__Your objective__
Exactly the lines from the one containing "This adorable pumpkin" through the end of the data, and nothing more, should be retyped; pictures stay out.

__Information supplied__
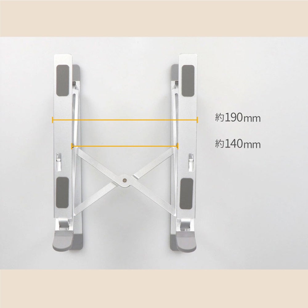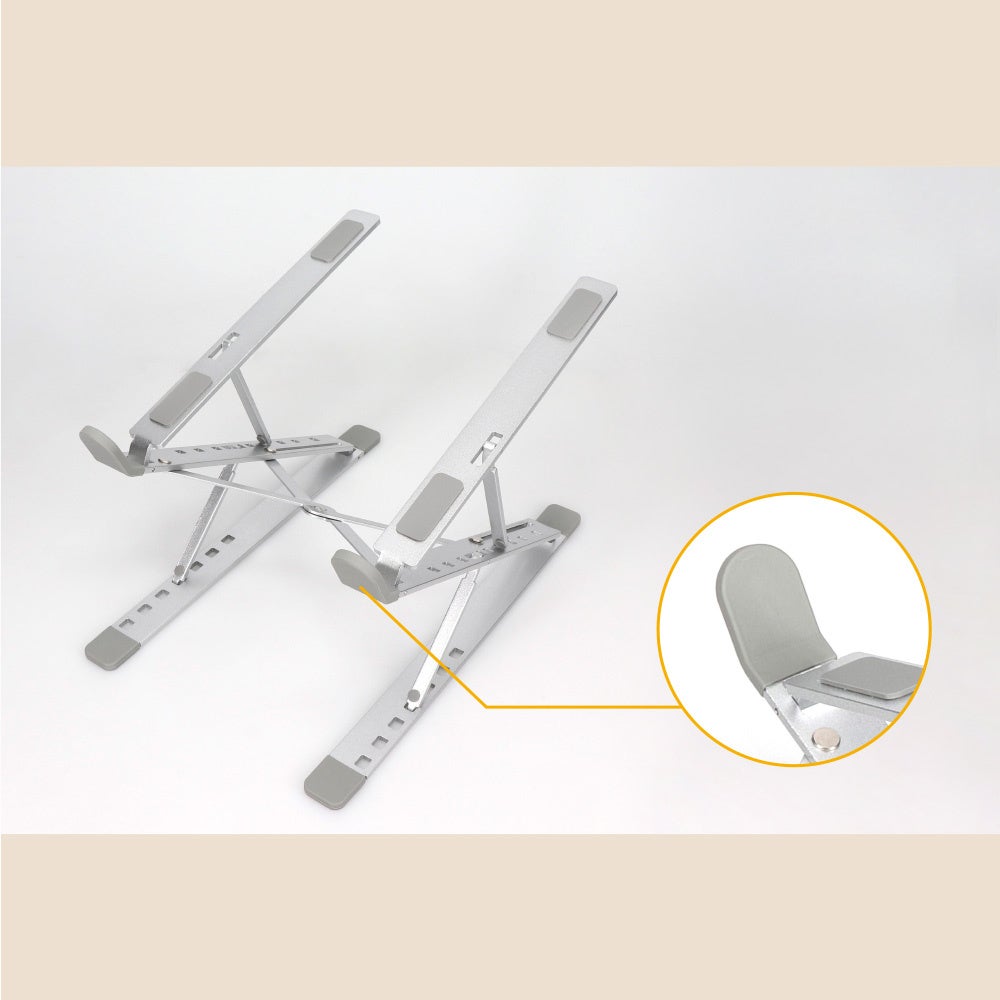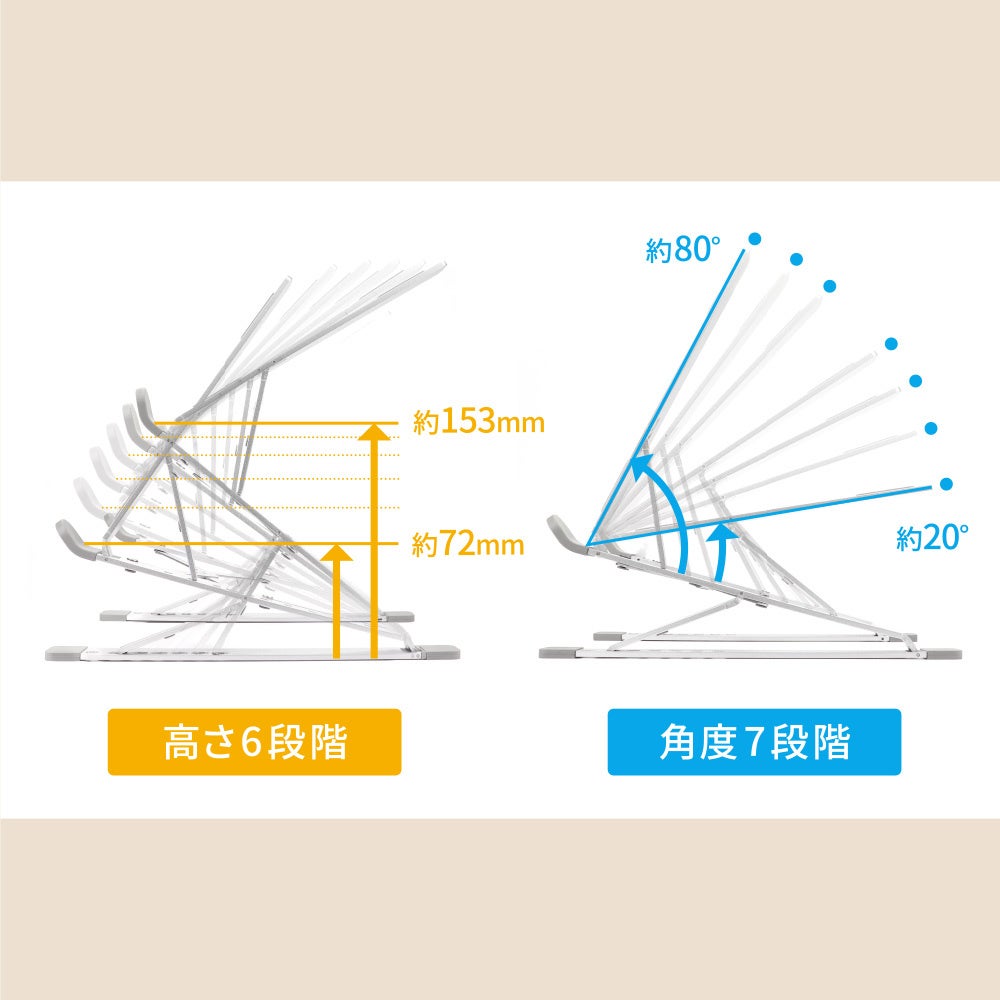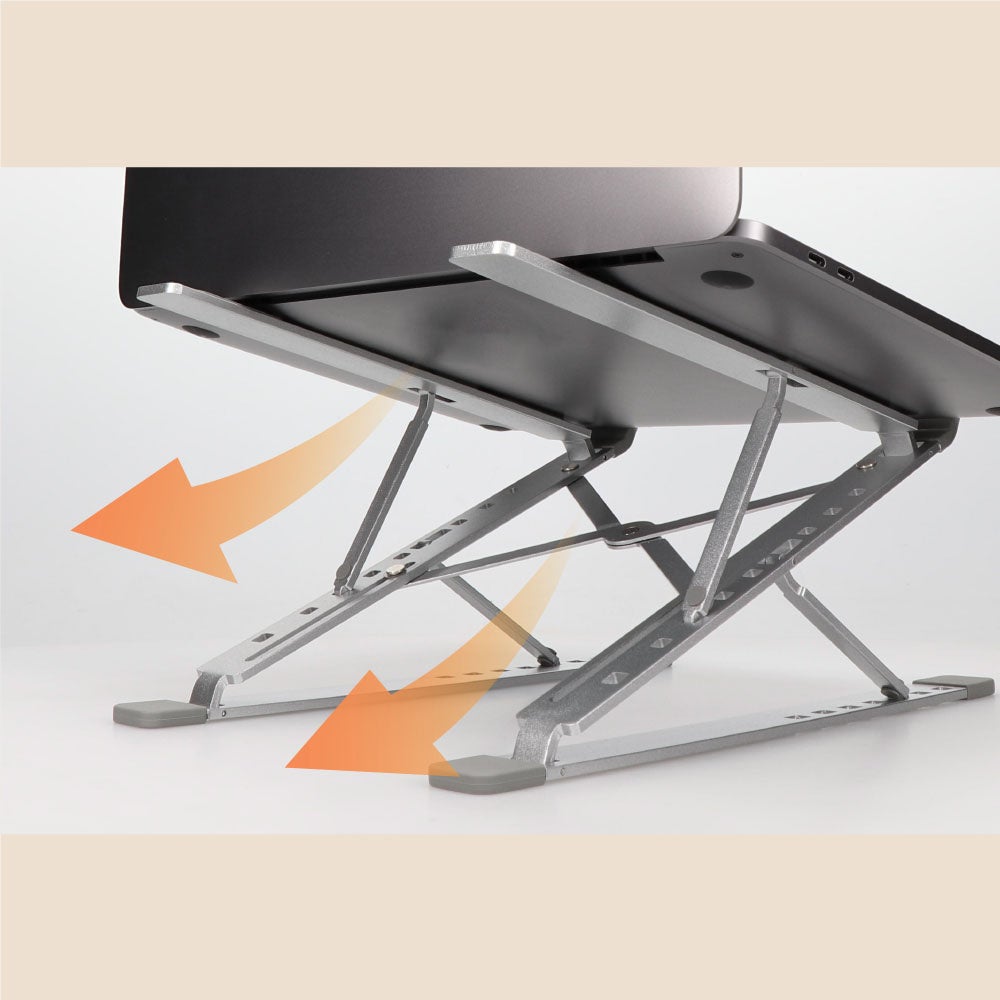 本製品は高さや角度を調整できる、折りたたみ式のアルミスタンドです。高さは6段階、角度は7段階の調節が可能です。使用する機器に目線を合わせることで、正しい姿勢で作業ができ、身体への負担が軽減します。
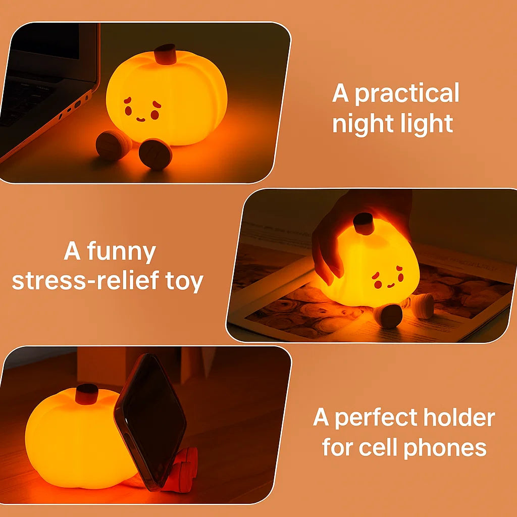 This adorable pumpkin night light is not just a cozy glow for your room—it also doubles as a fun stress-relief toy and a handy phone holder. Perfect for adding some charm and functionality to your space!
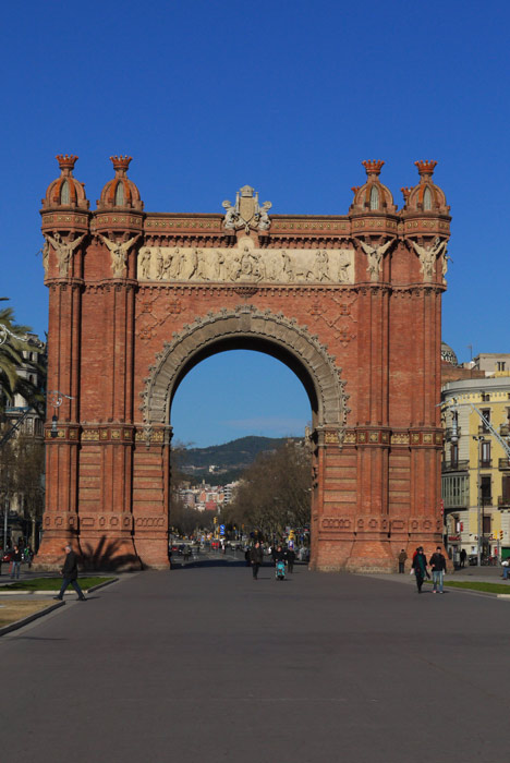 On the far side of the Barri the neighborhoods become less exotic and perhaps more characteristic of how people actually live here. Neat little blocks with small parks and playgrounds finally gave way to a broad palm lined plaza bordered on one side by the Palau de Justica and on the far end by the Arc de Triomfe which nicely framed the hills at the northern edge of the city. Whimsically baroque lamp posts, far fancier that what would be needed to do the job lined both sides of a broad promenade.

__Solution__
 This adorable pumpkin night light is not just a cozy glow for your room—it also doubles as a fun stress-relief toy and a handy phone holder. Perfect for adding some charm and functionality to your space!
 On the far side of the Barri the neighborhoods become less exotic and perhaps more characteristic of how people actually live here. Neat little blocks with small parks and playgrounds finally gave way to a broad palm lined plaza bordered on one side by the Palau de Justica and on the far end by the Arc de Triomfe which nicely framed the hills at the northern edge of the city. Whimsically baroque lamp posts, far fancier that what would be needed to do the job lined both sides of a broad promenade.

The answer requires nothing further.